Modern APIs with FastAPI and Python Transcripts
Chapter: Modern language foundations
Lecture: Modern language features

Login or purchase this course to watch this video and the rest of the course contents.
0:00 Let's just take a moment to reflect on the title of this class.
0:03 Modern API's with FastAPI. Well,
0:06 what is this "modern" about? Is
0:07 it just because FastAPI is new? No,
0:10 it's because FastAPI embraces many of the latest Python language features and external libraries,
0:17 leveraging those features, to make it easier and less error prone to write API's
0:22 and do that quickly, so fast. In this chapter, what we're gonna look at
0:27 are these language foundations. So in particular,
0:29 what are we gonna cover? We're gonna first start by talking about type hints or
0:33 type annotations. We already saw that if we specified a type which wasn't an
0:38 API method to be an integer that meant that one, it was required,
0:42 and two, if a value was passed,
0:44 it would be automatically converted over to an integer.
0:47 So it's not just that the type hints provide a clue about what type we expect,
0:51 FastAPI uses those to actually convert the types themselves.
0:55 So we're going to talk a little bit about this idea of type hints.
0:58 One of the super cool things about FastAPI is it supports the modern
1:02 async and await programming model that have made things like Node.js and Go
1:07 so incredibly fast. And, if you go look at the documentation,
1:11 the FastAPI folks claim that they're about as fast as Node.js and Go.
1:16 Do you know why? Because they're leveraging the same underlying feature.
1:19 So we're gonna look at the core idea behind async and await. Later,
1:23 we're gonna actually apply that to some of our view methods in our internal libraries we're
1:27 using, which would be cool.
1:28 But here, we're gonna focus on just getting that idea down nice and clear.
1:31 We're gonna talk about ASGI servers; Asynchronous Server Gateway Interface's.

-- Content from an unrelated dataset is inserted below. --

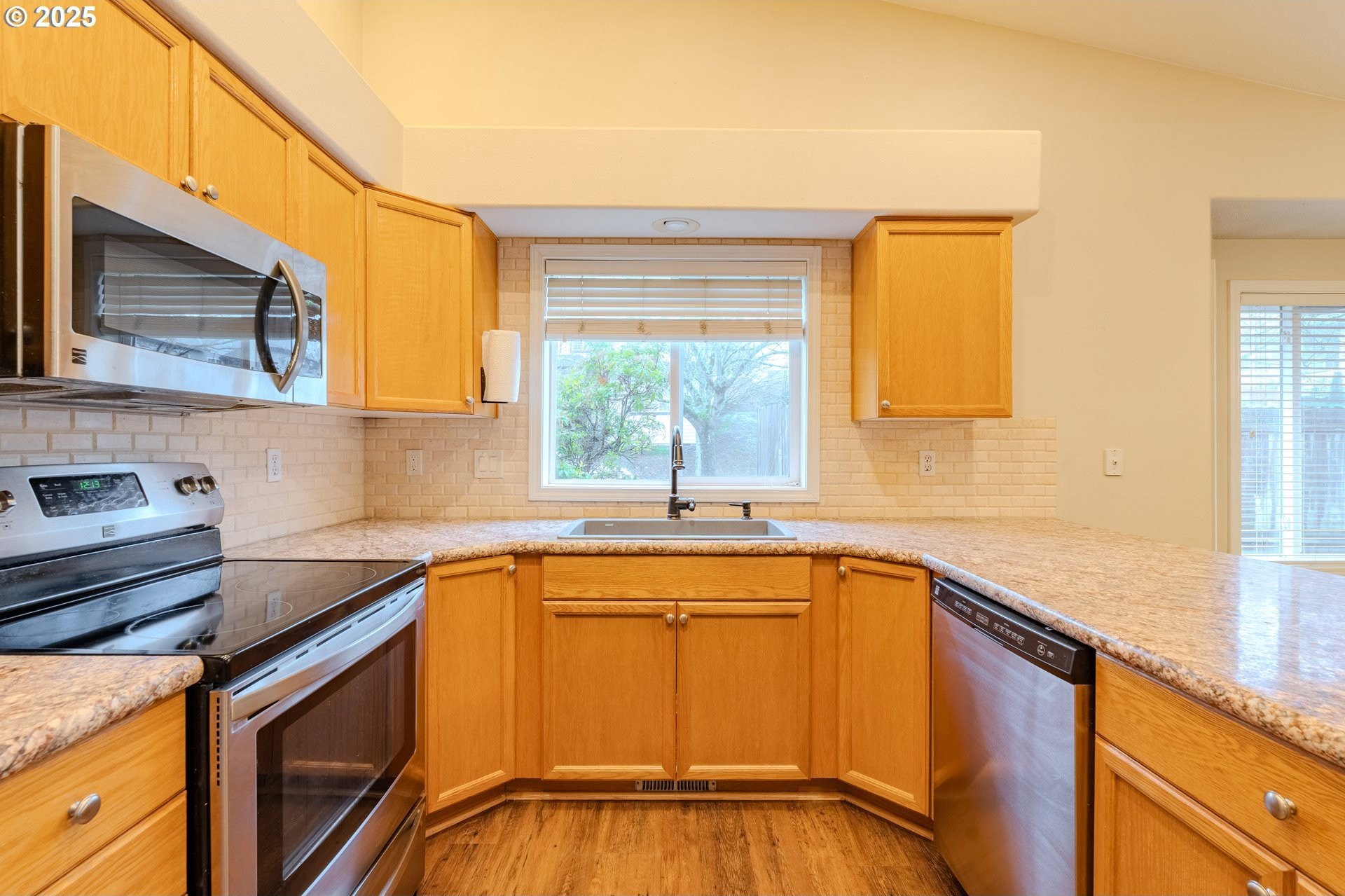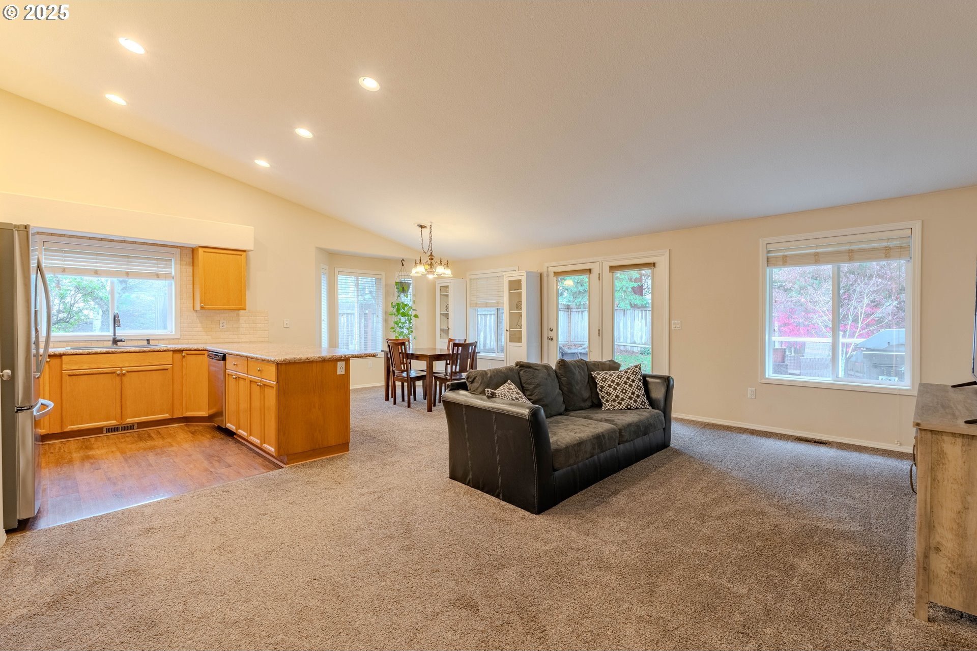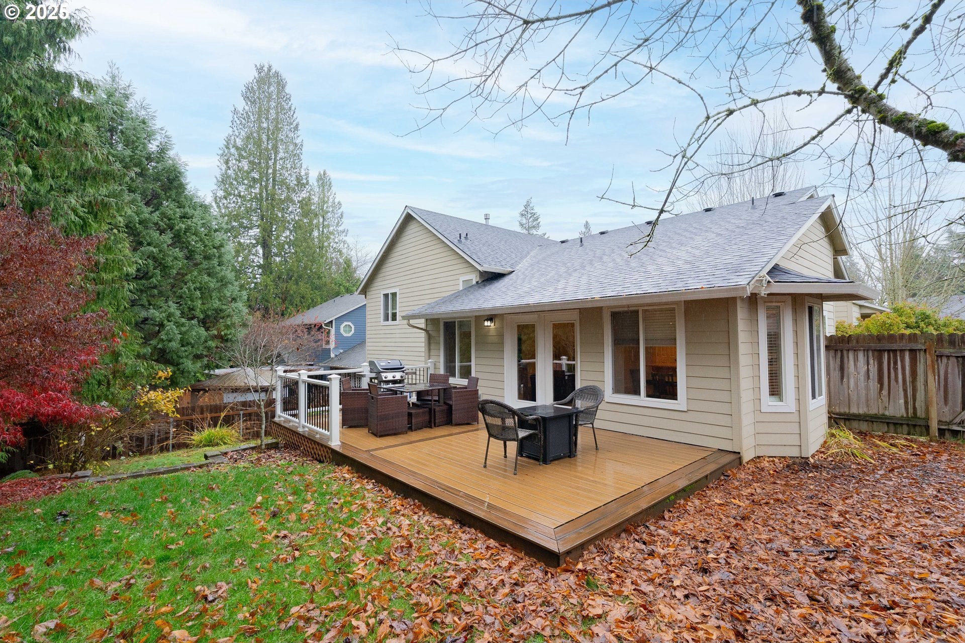 From the welcoming curb appeal to the soaring, light-filled great room and flexible tri-level layout, this Village at Cedar Ridge home offers a blend of comfort and versatility that's hard to beat. This spacious 2,231 Sq. Ft. home features 4+ bedrooms and a wonderfully adaptable design. The main level showcases vaulted ceilings and an open floor plan, highlighted by a grand entrance/great room with soaring vaults, large windows, and abundant natural light pouring in. A cozy gas fireplace adds both ambiance and warmth on cool winter days. The chic, functional kitchen includes gorgeous counters with full backsplash, a large eating bar, and stainless-steel appliances (all included!). The adjoining dining area includes a nook along with direct access to the expansive newer Trex deck. Upstairs, you'll find three bedrooms plus a generous vaulted owner's suite with a walk-in closet and an en-suite featuring double sinks and a soaking tub. The lower level adds two additional rooms and a spacious utility room with sink and toilet, with the washer and dryer included. Outside, the fully fenced yard provides ample space for pets and play, complemented by the large Trex deck for effortless outdoor enjoyment. Convenient to shopping, dining, parks, trails, top schools, and a medical center, with easy access to Highway 14 and Portland. Schedule your showing today and experience this exceptional home for yourself!

Normally, when we
1:37 work with Python Web apps like Flask and Django,
1:40 they're working with what's called a WSGI or "wizgy" servers.
1:44 This is an older model, or older gateway interface
1:48 I guess, that doesn't allow for things like async and await programming,
1:52 so it's a big limitation towards that modern,
1:54 scalable stuff. That said, to use FastAPI,
1:58 we've got to use, to really leverage it,
1:59 we've got to use one of these more modern web servers.

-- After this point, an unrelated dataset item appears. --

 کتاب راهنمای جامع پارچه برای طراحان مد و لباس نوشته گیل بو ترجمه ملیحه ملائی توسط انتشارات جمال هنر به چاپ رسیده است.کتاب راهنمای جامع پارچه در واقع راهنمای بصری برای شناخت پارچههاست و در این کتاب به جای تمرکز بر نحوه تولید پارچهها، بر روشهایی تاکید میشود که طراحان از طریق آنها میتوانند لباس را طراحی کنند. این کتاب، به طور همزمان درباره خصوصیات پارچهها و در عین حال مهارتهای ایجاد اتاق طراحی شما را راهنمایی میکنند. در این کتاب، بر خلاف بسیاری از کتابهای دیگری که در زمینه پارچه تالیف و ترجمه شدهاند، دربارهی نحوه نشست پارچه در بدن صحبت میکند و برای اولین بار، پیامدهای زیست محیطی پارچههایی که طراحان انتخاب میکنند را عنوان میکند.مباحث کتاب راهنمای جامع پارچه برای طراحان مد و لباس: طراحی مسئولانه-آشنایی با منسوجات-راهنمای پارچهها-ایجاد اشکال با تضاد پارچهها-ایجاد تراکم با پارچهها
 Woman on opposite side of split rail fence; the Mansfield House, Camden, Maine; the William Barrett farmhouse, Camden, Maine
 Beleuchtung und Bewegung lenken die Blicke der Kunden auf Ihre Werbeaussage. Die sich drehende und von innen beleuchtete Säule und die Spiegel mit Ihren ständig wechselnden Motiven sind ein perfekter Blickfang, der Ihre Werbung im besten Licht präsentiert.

2:02 So we're going to talk just super briefly about that.
2:04 You may have heard of data classes.
2:06 And there's another set of classes,
2:08 another library called "pydantic", which has similar structure as data classes and actually integrates with
2:13 them in some ways, but there's a lot of the same types of validation we've
2:18 already spoken around about for FastAPI.
2:21 It does that for just General data Exchange.
2:24 So JSON data, dictionary data and so on, and FastAPI is built upon
2:28 these pydantic classes, so we're going to see how we work with them for defining
2:33 our schemas, for validating what comes in, for converting the types,
2:36 all that kind of stuff. And we'll see that the things we've already mentioned above,
2:40 especially type hints, will provide automatic rich editor support.
2:46 FastAPI has even its own PyCharm plugin.
2:50 I think maybe it's just the pydantic, one of those two, pydantic or
2:53 FastAPI has its own PyCharm plug in,
2:55 and because they put type hints all over the libraries,
2:59 the editors that can leverage type hints to give you more help will do so, and that includes PyCharm and VS Code.